And I think a lot of the people that we’ve come across, they can sit around with each other [and play] 500 songs in a row that they all know in common since they grew up with them, but when it comes time to write songs, they don’t seem to be taking many lessons from them. Which is fine. I mean, everyone’s got their own way of expressing themselves. But [Gillian has] adhered so tightly to a tradition that I think it makes her a little bit easier to receive.
The way that we’ve looked at it ourselves is to actually try and break from that tradition, lyrically and in the themes that we’re tackling and the imagery we’re evoking, even as the instrumentation and some of the aesthetics of the musical style of it all places us firmly within the fold of a tradition.
You do seem to write from your contemporary vantage points as men in your early 30s. How do you think that pairing of a sound that points back and a perspective in the present shapes the way your music is being received?
There’s an immediate benefit that we get, probably, in people’s perception of us that plays on their sense of nostalgia, their sense of tradition, their sense of familiarity. On the surface, what we’re doing becomes very accessible because of all those things. We’ve not been accused of inventing a new sound, for example, or credited with it, to say it the other way. Aesthetically it seems to fall in line with a tradition.

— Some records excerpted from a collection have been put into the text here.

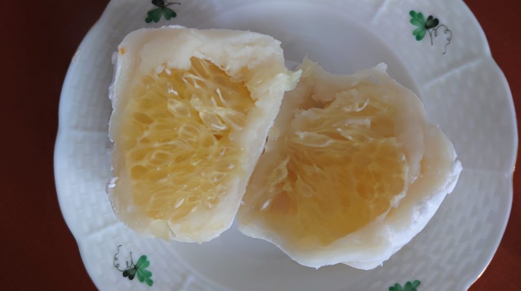 中のはっさくはフレッシュで、白餡の程よい甘さと組合わさり、絶妙なバランス大福です☺果汁が外皮に染みでないのが、不思議です。
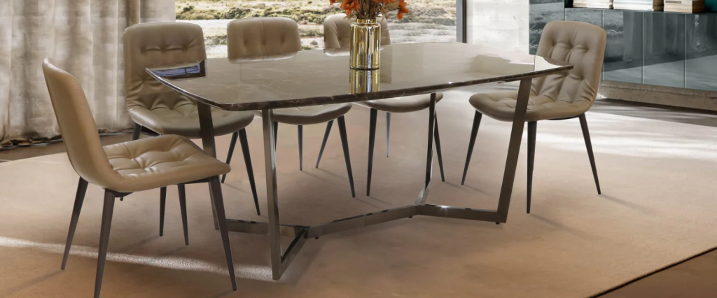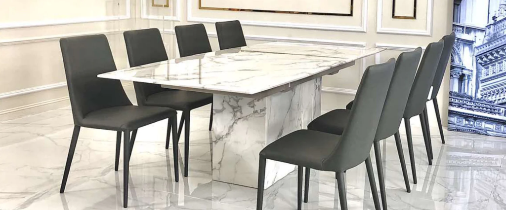 Được làm từ cẩm thạch tự nhiên nguyên khối, bàn ăn CATANIA sở hữu vân đá độc đáo cùng lớp sơn mài bóng gương sang trọng, chân bàn thiết kế thon dài đơn giản hòa hợp mọi không gian phòng. Kết hợp vừa vặn từ 4 – 6 ghế ăn.
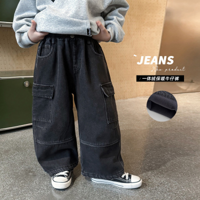 儿童装男童加绒裤子新款冬季男孩大童一体绒秋冬款加厚牛仔裤

The downside of it is nobody’s gonna clamor over you like you’ve invented something new, but the upside is you get to have your own take on something that’s already firmly entrenched in our collective identity. Those sounds and this tradition run deep, and if we can extend it into a contemporary setting by speaking honestly from our own perspectives in 2013 as 31-year-old men, then I guess I think that’s an important job. Or at least it’s one that’s fulfilling to me.